Stored dataset items:
= = =

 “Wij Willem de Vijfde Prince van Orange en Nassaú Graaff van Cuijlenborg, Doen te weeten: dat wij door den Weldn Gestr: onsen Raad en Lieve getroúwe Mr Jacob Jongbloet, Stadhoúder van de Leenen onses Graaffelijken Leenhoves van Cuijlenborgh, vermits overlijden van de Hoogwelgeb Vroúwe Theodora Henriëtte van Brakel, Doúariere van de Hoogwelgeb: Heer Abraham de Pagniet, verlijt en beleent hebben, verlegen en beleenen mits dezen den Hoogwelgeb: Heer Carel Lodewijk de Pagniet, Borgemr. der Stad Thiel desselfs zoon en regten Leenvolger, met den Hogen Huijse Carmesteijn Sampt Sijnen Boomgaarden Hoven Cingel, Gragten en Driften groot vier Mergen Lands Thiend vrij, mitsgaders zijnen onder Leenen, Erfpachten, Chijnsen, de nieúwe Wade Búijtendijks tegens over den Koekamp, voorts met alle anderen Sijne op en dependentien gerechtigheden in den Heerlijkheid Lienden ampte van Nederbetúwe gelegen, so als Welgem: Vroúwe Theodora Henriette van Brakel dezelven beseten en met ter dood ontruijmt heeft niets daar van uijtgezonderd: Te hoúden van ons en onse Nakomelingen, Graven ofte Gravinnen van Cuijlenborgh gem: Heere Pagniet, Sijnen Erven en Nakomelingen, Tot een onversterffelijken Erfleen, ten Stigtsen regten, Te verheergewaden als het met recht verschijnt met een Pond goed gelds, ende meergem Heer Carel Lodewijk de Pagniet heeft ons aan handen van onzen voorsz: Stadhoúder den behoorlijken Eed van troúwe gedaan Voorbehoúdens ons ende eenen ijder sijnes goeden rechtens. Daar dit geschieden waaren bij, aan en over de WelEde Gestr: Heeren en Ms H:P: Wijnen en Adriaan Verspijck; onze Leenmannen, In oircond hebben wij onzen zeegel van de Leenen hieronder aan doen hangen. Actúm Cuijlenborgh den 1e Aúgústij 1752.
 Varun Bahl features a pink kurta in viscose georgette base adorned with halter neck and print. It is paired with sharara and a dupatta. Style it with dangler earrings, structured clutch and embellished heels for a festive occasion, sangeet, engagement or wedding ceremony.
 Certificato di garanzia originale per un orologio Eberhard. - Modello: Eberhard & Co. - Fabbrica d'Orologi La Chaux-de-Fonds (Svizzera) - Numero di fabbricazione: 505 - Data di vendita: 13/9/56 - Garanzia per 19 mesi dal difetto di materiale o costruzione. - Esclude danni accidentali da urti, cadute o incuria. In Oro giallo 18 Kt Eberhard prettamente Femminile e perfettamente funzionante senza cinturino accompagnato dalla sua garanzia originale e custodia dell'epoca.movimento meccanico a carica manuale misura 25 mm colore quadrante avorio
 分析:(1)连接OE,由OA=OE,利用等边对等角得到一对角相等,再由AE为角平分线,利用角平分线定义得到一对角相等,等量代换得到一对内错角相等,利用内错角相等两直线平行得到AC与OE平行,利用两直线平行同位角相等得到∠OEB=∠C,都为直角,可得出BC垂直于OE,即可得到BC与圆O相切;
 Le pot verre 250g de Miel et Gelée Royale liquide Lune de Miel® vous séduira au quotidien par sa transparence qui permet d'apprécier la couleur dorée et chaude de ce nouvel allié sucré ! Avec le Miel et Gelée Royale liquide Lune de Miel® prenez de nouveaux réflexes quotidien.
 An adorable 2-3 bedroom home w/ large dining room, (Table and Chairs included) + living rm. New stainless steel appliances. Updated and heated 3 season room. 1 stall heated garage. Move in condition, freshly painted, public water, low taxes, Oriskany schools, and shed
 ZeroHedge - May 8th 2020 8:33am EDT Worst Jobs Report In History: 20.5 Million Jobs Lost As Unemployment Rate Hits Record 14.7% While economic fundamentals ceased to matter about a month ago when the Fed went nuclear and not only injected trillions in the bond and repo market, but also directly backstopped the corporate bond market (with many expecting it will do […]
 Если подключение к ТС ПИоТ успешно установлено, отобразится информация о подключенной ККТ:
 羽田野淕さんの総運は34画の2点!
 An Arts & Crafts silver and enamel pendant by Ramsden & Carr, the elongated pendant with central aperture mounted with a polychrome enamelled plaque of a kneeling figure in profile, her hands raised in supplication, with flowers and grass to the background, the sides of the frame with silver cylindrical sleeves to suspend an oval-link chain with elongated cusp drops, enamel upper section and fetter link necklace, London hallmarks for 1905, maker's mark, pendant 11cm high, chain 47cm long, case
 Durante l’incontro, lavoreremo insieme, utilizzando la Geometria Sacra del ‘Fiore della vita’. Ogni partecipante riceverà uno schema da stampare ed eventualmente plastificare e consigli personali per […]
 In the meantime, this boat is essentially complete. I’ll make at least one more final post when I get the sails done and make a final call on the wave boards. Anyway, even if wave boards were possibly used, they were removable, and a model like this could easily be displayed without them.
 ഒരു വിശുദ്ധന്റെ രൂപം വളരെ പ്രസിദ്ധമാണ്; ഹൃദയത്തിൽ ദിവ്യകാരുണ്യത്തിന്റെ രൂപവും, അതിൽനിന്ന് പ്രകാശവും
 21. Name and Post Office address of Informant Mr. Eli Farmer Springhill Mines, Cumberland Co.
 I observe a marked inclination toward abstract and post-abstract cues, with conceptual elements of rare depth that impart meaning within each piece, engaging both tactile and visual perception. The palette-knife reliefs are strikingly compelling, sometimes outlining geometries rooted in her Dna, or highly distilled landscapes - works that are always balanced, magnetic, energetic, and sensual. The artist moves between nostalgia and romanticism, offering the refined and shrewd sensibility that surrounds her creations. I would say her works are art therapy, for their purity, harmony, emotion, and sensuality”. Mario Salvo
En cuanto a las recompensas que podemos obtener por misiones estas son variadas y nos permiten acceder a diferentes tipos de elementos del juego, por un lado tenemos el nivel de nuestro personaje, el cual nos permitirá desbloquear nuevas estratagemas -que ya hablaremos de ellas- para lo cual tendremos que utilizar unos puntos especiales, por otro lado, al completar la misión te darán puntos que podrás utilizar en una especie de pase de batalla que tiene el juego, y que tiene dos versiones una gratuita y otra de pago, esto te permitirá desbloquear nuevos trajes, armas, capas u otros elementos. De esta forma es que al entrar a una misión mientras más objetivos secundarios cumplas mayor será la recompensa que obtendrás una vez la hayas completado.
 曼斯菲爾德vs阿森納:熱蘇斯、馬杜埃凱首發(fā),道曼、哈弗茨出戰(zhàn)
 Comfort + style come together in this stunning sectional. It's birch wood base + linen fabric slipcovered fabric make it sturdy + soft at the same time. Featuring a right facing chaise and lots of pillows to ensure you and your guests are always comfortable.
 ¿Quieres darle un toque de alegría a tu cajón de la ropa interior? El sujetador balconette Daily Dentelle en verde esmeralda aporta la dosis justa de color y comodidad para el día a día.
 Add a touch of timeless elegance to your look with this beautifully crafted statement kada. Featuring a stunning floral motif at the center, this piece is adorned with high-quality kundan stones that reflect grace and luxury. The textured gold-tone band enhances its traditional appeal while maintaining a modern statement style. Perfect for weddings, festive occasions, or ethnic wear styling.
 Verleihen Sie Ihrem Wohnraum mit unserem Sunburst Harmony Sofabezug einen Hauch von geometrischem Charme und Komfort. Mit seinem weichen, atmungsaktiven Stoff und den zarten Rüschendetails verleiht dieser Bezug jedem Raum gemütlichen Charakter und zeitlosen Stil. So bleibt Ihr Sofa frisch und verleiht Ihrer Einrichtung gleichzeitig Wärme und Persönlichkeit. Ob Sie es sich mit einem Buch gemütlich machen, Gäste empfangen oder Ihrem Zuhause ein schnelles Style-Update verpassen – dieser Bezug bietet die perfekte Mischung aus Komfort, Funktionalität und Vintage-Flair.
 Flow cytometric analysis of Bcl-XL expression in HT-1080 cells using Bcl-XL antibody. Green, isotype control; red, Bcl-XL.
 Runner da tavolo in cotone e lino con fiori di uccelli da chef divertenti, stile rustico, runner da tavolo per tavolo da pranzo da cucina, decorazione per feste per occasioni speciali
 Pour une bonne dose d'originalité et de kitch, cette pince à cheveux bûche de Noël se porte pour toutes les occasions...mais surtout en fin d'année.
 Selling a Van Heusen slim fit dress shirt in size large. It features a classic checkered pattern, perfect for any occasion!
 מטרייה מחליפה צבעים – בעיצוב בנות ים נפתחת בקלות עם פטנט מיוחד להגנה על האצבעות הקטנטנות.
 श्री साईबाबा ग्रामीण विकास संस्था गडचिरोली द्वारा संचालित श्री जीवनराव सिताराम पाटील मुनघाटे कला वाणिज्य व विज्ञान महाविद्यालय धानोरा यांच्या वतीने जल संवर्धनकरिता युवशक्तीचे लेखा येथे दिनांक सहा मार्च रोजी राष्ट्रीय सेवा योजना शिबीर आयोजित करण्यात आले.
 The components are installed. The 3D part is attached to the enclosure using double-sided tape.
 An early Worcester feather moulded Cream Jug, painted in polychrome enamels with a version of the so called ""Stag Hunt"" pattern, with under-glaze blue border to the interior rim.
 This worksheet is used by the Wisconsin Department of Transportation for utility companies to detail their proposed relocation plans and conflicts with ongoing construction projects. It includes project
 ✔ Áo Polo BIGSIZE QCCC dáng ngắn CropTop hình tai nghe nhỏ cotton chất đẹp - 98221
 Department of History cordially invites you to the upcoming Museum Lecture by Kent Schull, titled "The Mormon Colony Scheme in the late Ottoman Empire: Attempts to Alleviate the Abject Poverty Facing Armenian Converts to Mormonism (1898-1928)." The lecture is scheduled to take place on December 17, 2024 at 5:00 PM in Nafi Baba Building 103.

= = =

Try it: Where the word "large" shows up in a line of the entries above, copy that line.

Solution to the problem:
 An adorable 2-3 bedroom home w/ large dining room, (Table and Chairs included) + living rm. New stainless steel appliances. Updated and heated 3 season room. 1 stall heated garage. Move in condition, freshly painted, public water, low taxes, Oriskany schools, and shed
 Selling a Van Heusen slim fit dress shirt in size large. It features a classic checkered pattern, perfect for any occasion!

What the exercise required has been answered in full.